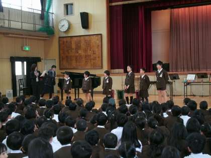 今朝の児童朝会は、音楽・合唱クラブの発表でした。
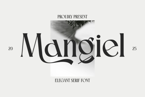 Mangiel Font, a new elegant serif font from the year 2025. An artistic, black and white photograph is layered behind the font name, adding a chic, high-fashion quality to the presentation. The font itself showcases unique and flowing ligatures.
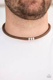 Shiny brown twine wraps around a black cord, creating an urban look below the collar. Shiny silver beads slide along the cording for a rugged finish. Features a button loop closure. Sold as one individual necklace.
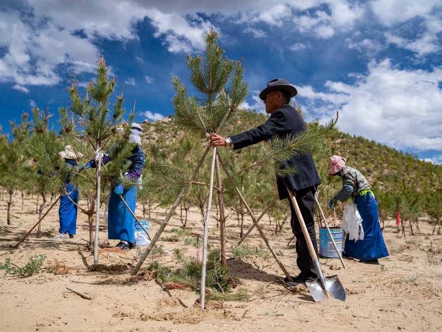 Penjig (front) instructs workers in planting trees at the afforestation area by the Yarlung Zangbo River in Zhanang County, Shannan City of southwest China's Tibet Autonomous Region, May 26, 2022. (Xinhua/Sun Fei)
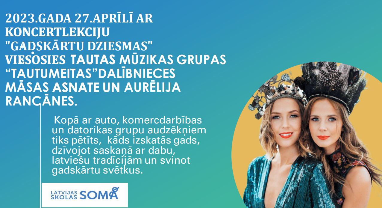 2023.GADA 27.APRĪLĪ AR KONCERTLEKCIJU “GADSKĀRTU DZIESMAS” VIESOSIES TAUTAS MŪZIKAS GRUPAS “TAUTUMEITAS”DALĪBNIECES MĀSAS ASNATE UN AURĒLIJA RANCĀNES.
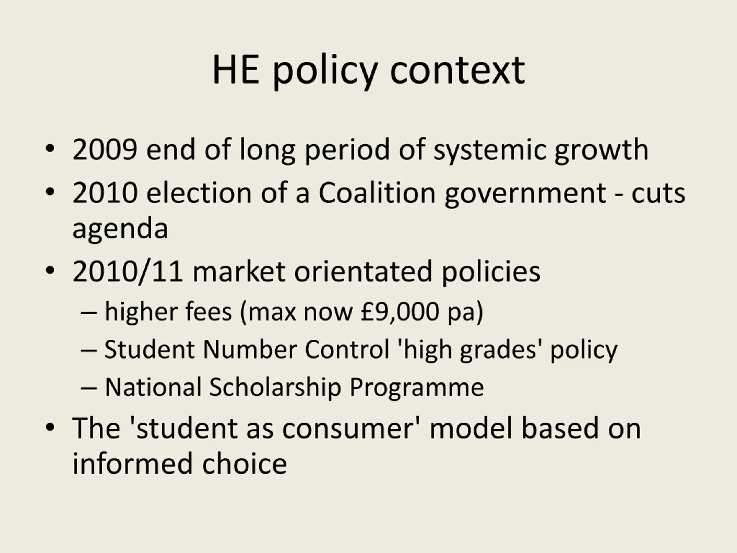 HE policy context 2009 end of long period of systemic growth 2010 election of a Coalition government - cuts agenda 2010/11 market orientated policies higher fees (max now 9,000 pa) Student Number Control 'high grades' policy National Scholarship Programme The 'student as consumer' model based on informed choice

What you have to do:
Repeat the data verbatim, excluding all pictures.

Response:
 今朝の児童朝会は、音楽・合唱クラブの発表でした。
 Mangiel Font, a new elegant serif font from the year 2025. An artistic, black and white photograph is layered behind the font name, adding a chic, high-fashion quality to the presentation. The font itself showcases unique and flowing ligatures.
 Shiny brown twine wraps around a black cord, creating an urban look below the collar. Shiny silver beads slide along the cording for a rugged finish. Features a button loop closure. Sold as one individual necklace.
 Penjig (front) instructs workers in planting trees at the afforestation area by the Yarlung Zangbo River in Zhanang County, Shannan City of southwest China's Tibet Autonomous Region, May 26, 2022. (Xinhua/Sun Fei)
 2023.GADA 27.APRĪLĪ AR KONCERTLEKCIJU “GADSKĀRTU DZIESMAS” VIESOSIES TAUTAS MŪZIKAS GRUPAS “TAUTUMEITAS”DALĪBNIECES MĀSAS ASNATE UN AURĒLIJA RANCĀNES.
 HE policy context 2009 end of long period of systemic growth 2010 election of a Coalition government - cuts agenda 2010/11 market orientated policies higher fees (max now 9,000 pa) Student Number Control 'high grades' policy National Scholarship Programme The 'student as consumer' model based on informed choice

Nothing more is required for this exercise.